Todas as pessoas do bairro vêm escutar nosso músico cantando letras doces em sua língua. Pouco a pouco ele revira os olhos com uma expressão singular. O entusiasmo mais delirante se reflete em toda sua fisionomia e, se ele continua seus cantos, ninguém pode resistir aos charmes potentes da harmonia: as pessoas se aproximam, se voltam para ele imitando seus gestos, lhe respondem com letras entrecortadas e pelo som de diversos instrumentos. Então a embriaguez atinge seu auge e não se pode exprimir o prazer, as palavras são insuficientes. Um europeu não entende muito isto tudo, nem pode mesmo adivinhar o motivo que comove extraordinariamente cinco ou seis pessoas e, entretanto, ele não é insensível a um espetáculo que não tem nada de ridículo”. (Ibid., p.139) (tradução nossa).

Pode-se perceber no texto que, apesar do caráter amador e cotidiano da cena descrita, o autor não hesita em considerá-la como uma expressão artística demonstrando que o estranhamento não implica o desrespeito ao Outro. Esta relação de respeito, aliada a um sentimento de indignação e de solidariedade, diante do tratamento dado aos índios e negros, registrado pelo

iniciador dos estudos brasileiros na França, já é um prenúncio da idéias defendidas por um movimento de vanguarda, o Surrealismo Etnográfico, que irá ganhar força na França, no início do século XX.

3.1.2 Négrophilie

O fim da Primeira Guerra Mundial provoca uma mudança na forma dos franceses relacionarem-se com o Outro. Os artistas franceses, que passaram pelos horrores da guerra e viveram a barbárie, perceberam o esgotamento do modelo da civilização européia, concluindo que “o mundo se tornava permanentemente surrealista” (CLIFFORD, 2002, p.135). Conseqüentemente, estes artistas da vanguarda parisiense passaram a olhar para a África (e, em menor grau, para a Oceania e a América) como uma possibilidade de novas formas de viver e de novas crenças. Os Outros surgiram como alternativas sérias de organização social, tornando possível o moderno relativismo cultural. O Surrealismo Etnográfico considerava que as sociedades “primitivas” podiam ser usadas como fontes técnicas, cosmológicas e científicas e, assim, artistas e escritores de vanguarda foram em busca destas fontes.

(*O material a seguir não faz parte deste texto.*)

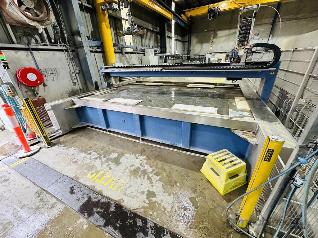 This water 5 axis water jet has the ability to cut straight and on various angles. Jet is equipped with 2 water beds to optimise cutting for production. While cutting on one table the other can be off loaded and loaded again for it's next job.

Um novo olhar, inicialmente concentrado na vanguarda artística francesa, contamina Paris, considerada a capital cultural do mundo na época, fazendo com que a cidade seja tomada por espetáculos de artistas negros de todas as partes do mundo. O fenômeno recebe na França o nome de négrophilie:

Paris, 1925: a Revue Nègre faz grande sucesso em sua temporada no Théatre dês Champs- Elysées, seguindo os passos da Southern Syncopated Orchestra de W.H. Wellmon. Os spirituals e o jazz arrebatam a burguesia de vanguarda, que toma de assalto os bares dos negros, vibra com os novos ritmos em busca de algo primitivo, selvagem e completamente moderno. A Paris da moda é levada pelo som pulsante dos banjos e pela sensual Josephine Baker [...] (Ibid., p.138).

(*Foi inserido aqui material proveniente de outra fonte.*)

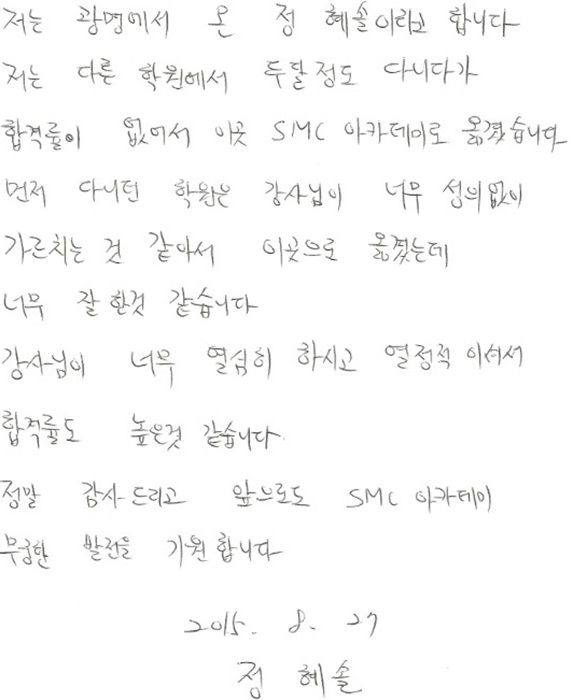 합격!! 국가자격증취득 정혜솔님!! ★★★★★ [광명 다른학원 다니다 오신분~]

É em 1922, nesta cena de efervescência da négrophilie, que a França volta seus olhos também para o Brasil. O bailarino brasileiro Duque, radicado na França, convida Pixinguinha e Donga, com seu grupo Oito Batutas para apresentarem-se no clube Schéhérazade, em Paris. A permanência do grupo, que tinha sido planejada para três semanas, estende-se por seis meses, obtendo sucesso em Paris (MENEZES BASTOS, 2005). O jornalista francês Rémy Kolpa

Kopoul especula, na entrevista empírica, que, se o grupo de Pixinguinha tivesse permanecido em Paris, talvez o choro alcançasse a notoriedade internacional do tango, mas acrescenta que a curta temporada dos Oito Batutas, não consolidou a presença desta música na França, tanto em termos de atingir o imaginário do público como em relação aos registros na imprensa.